[PATCH] drm/i915: Trigger hangcheck if we detect more a repeating missed IRQ

ben at bwidawsk.net (Ben Widawsky) · Tue, 10 Apr 2012 16:59:11 -0700

On Tue, 10 Apr 2012 17:00:41 +0100
Chris Wilson <chris at chris-wilson.co.uk> wrote:

> On the first instance we just wish to kick the waiters and see if that
> terminates the wait conditions. If it does not, then we do not want to
> keep retrying without ever making any forward progress and becoming
> stuck in a hangcheck loop.
> 
> Reported-and-tested-by: Lukas Hejtmanek <xhejtman at fi.muni.cz>
> Bugzilla: https://bugs.freedesktop.org/show_bug.cgi?id=48209
> Signed-off-by: Chris Wilson <chris at chris-wilson.co.uk>

I'm still confused about the problem we are purportedly fixing.

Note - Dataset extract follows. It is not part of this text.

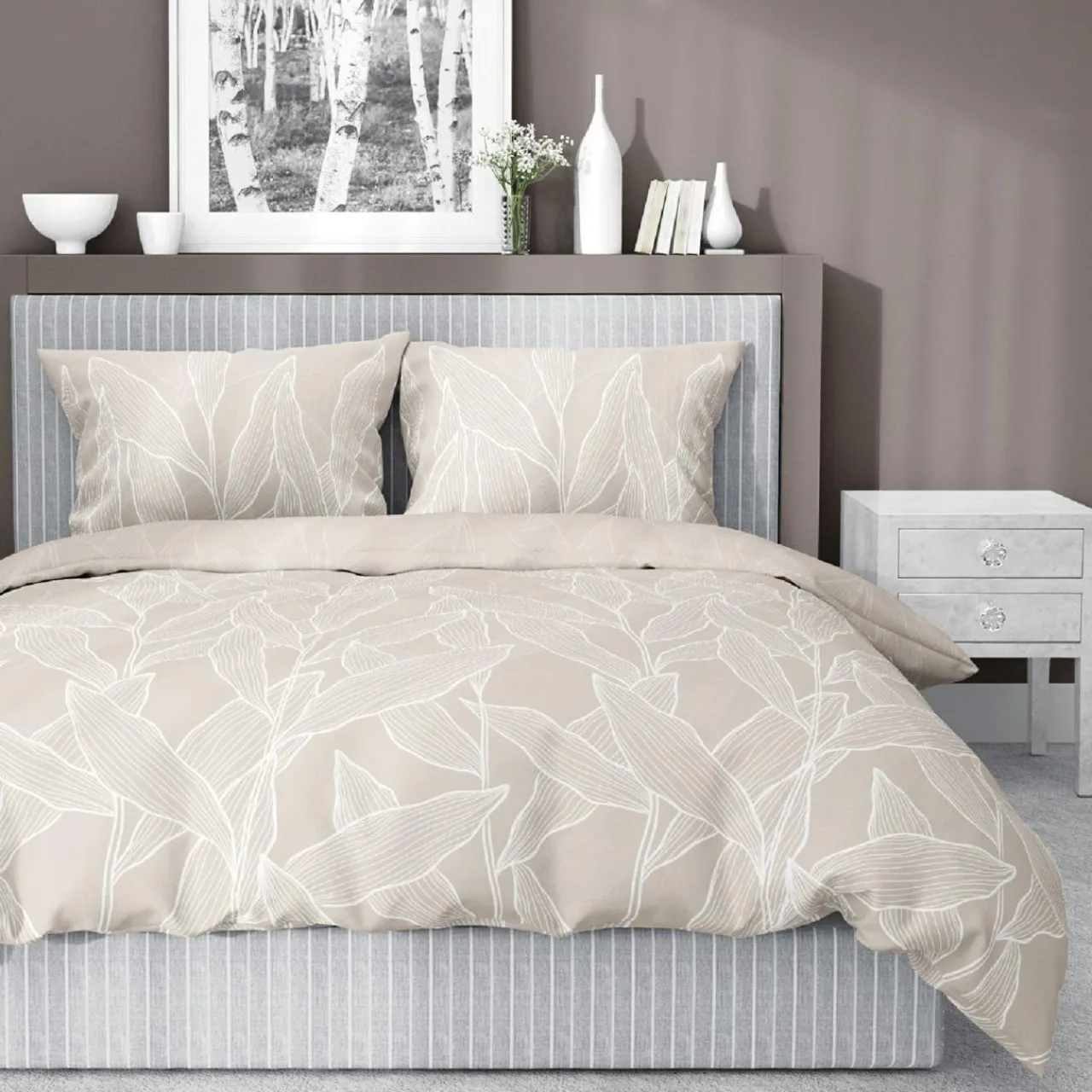 - Roślinny motyw o białym kolorze doda aranżacji naturalności
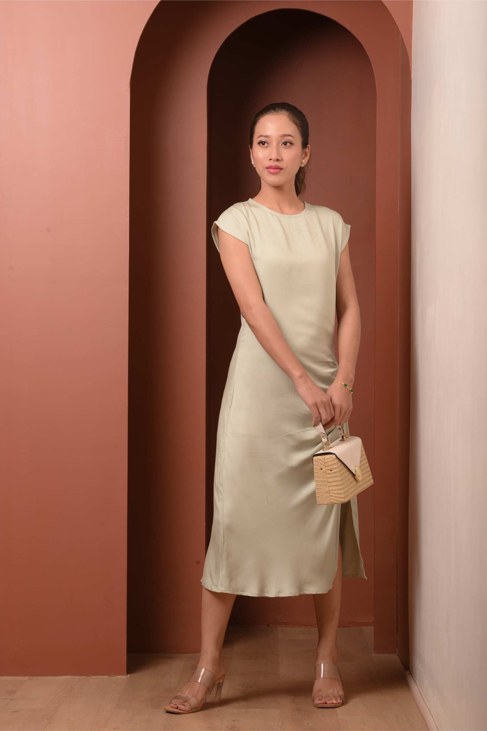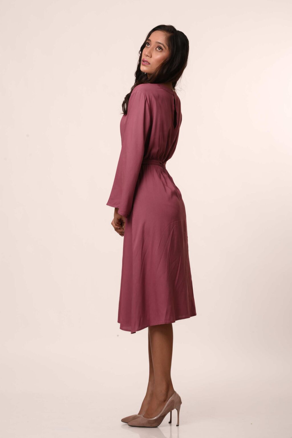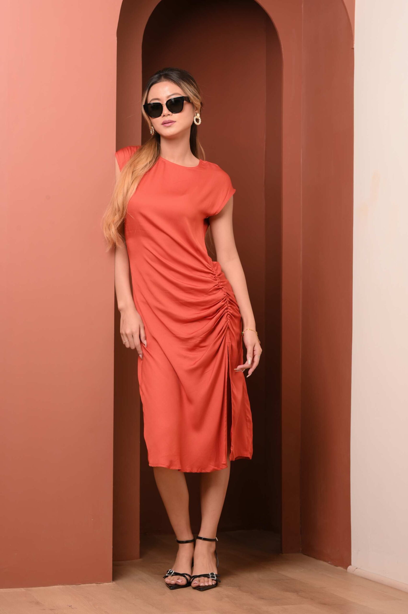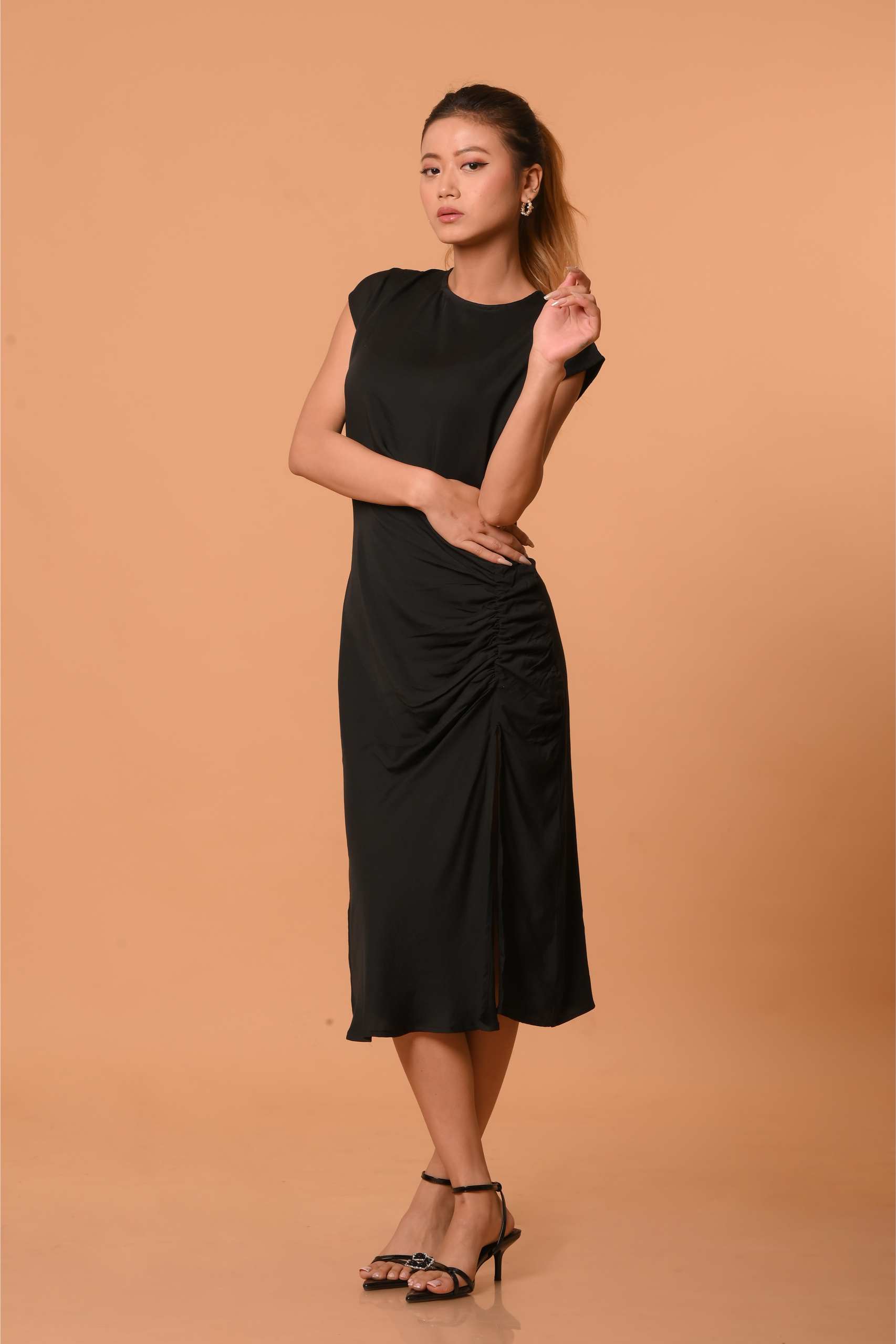 A quiet yet statement-making piece in viscose satin, this midi dress is designed with gathered detailing along the side, creating a soft contour that flatters without clinging. The silhouette sits between ease and structure, elevated enough for evenings yet effortless for everyday wear.

This should happen if we've missed an irq (or the watchdog fired too
soon), and then fires again before the thread has actually woken up to
realize that is missed the first IRQ?

As for extract the kick_ring bit of code for core hangcheck_elapsed,
that looks fine. I just don't quite understand the exact problem this
solves, and can't envision how we hit this case it seems the patch will
fix.

Ben